Lynching
Lynching, the practice of killing people by extrajudicial mob action, occurred in the United States chiefly from the late 18th century through the 1960s. Lynchings took place most frequently against African-American men in the Southern US from 1890 to the 1920s with a peak in 1892. Lynchings were also very common in the Old West, where victims were primarily men of Mexican and Chinese minorities, although whites were also lynched.[1]
Lynching in the South is associated with the imposition of white supremacy by whites in the late 19th century following Reconstruction. The granting of U.S. Constitutional rights to freedmen after the American Civil War during the Reconstruction era (1865–1877) aroused anxieties among white Southerners, who were not ready to concede such social status to African Americans.
...
More than 85 percent of the estimated 5,000 lynchings in the post-Civil War period occurred in the Southern states. 1892 was a peak year when 161 African Americans were lynched. The passage of Jim Crow laws, beginning in the 1890s, completed the revival of white supremacy in the South. Terror and lynching were used to enforce both these formal laws and a variety of unwritten rules of conduct meant to assert white domination.
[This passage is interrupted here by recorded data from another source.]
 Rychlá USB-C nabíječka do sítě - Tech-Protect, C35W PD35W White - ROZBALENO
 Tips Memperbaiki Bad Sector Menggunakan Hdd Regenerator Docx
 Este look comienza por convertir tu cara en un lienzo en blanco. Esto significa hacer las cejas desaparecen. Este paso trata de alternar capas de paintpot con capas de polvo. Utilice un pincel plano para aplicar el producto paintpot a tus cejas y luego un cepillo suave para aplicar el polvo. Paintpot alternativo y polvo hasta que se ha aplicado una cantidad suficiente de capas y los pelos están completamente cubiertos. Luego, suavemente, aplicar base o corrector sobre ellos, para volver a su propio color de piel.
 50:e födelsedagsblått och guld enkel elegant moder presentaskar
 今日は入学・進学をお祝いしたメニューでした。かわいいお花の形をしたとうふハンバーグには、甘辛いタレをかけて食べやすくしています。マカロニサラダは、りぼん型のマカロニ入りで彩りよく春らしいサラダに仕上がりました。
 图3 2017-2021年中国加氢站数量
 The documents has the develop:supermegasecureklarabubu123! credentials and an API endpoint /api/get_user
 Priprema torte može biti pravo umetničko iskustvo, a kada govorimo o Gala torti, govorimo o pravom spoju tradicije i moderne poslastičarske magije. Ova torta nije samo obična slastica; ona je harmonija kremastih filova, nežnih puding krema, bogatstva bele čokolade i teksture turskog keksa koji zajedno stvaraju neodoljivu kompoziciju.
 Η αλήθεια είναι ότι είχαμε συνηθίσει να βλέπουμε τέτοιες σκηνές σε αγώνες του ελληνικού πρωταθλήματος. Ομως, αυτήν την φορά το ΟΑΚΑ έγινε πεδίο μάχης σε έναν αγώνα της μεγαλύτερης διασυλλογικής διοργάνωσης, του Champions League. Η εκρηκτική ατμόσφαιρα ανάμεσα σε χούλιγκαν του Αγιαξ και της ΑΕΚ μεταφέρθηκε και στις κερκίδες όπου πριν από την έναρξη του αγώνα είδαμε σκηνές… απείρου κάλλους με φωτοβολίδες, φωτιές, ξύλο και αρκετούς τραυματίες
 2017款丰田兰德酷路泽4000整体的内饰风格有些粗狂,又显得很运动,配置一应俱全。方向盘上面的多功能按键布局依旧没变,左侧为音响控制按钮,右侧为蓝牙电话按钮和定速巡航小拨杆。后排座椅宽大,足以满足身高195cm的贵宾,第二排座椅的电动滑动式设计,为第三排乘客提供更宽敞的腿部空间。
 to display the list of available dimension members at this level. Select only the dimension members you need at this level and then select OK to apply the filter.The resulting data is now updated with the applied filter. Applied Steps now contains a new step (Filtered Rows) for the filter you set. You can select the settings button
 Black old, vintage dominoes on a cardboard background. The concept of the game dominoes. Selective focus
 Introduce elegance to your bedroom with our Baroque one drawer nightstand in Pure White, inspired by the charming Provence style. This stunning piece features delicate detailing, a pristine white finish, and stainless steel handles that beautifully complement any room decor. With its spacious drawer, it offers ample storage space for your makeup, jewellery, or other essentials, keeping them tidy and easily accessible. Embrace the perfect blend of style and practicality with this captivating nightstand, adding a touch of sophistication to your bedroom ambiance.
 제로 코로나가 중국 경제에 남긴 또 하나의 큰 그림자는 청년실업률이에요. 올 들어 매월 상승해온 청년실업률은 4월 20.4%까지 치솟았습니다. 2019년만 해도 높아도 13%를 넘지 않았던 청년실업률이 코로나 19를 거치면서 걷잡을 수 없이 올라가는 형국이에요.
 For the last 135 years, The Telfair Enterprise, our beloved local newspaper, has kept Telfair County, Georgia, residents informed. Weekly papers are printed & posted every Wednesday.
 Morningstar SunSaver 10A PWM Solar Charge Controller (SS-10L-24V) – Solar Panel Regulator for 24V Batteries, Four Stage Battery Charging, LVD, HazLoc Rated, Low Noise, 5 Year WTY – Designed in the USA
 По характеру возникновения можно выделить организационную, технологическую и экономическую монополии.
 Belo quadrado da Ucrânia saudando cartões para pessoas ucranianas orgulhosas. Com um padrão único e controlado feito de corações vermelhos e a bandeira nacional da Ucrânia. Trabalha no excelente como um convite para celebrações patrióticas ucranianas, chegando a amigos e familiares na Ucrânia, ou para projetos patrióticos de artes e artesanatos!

In most years from 1889 to 1923, 50 to 100 lynchings occurred annually across the South.
...
In Duluth, Minnesota, on June 15, 1920, three young African-American traveling circus workers were lynched after having been accused of having raped a white woman and jailed pending a grand jury. A physician's subsequent examination of the woman found no evidence of rape or assault. The alleged "motive" and action by a mob were consistent with the "community policing" model. The book, The Lynchings in Duluth (2000) by Michael Fedo has documented the events.[31]
...
Tuskegee remains the single most complete source of statistics and records on this crime since 1882. As of 1959, which was the last time that their annual Lynch Report was published, a total of 4,733 persons had died as a result of lynching since 1882. To quote the report,
"Except for 1955, when three lynchings were reported in Mississippi, none has been recorded at Tuskegee since 1951. In 1945, 1947, and 1951, only one case per year was reported. The most recent case reported by the institute as a lynching was that of Emmett Till, 14, a Negro who was beaten, shot to death, and thrown into a river at Greenwood, Mississippi on August 28, 1955...For a period of 65 years ending in 1947, at least one lynching was reported each year. The most for any year was 231 in 1892. From 1882 to 1901, lynchings averaged more than 150 a year. Since 1924, lynchings have been in a marked decline, never more than 30 cases, which occurred in 1926..."[58]
...
Not all lynchings in the United States were targeted against African Americans. Between 1882 and 1968, the Tuskegee Institute recorded 1,297 lynchings of whites as well as the 3,446 lynchings of African Americans during that period.[8][21] By the 1890s and after the start of the 20th century, the vast majority of those lynched were Black people,[22] including at least 159 women.[23] Lynchings of other minority members, such as Mexicans and Chinese, have been shown to have been undercounted in the Tuskegee Institute's records.[24] One of the largest mass lynchings in American history involved eleven Italian immigrants in New Orleans, Louisiana, in 1891.[25]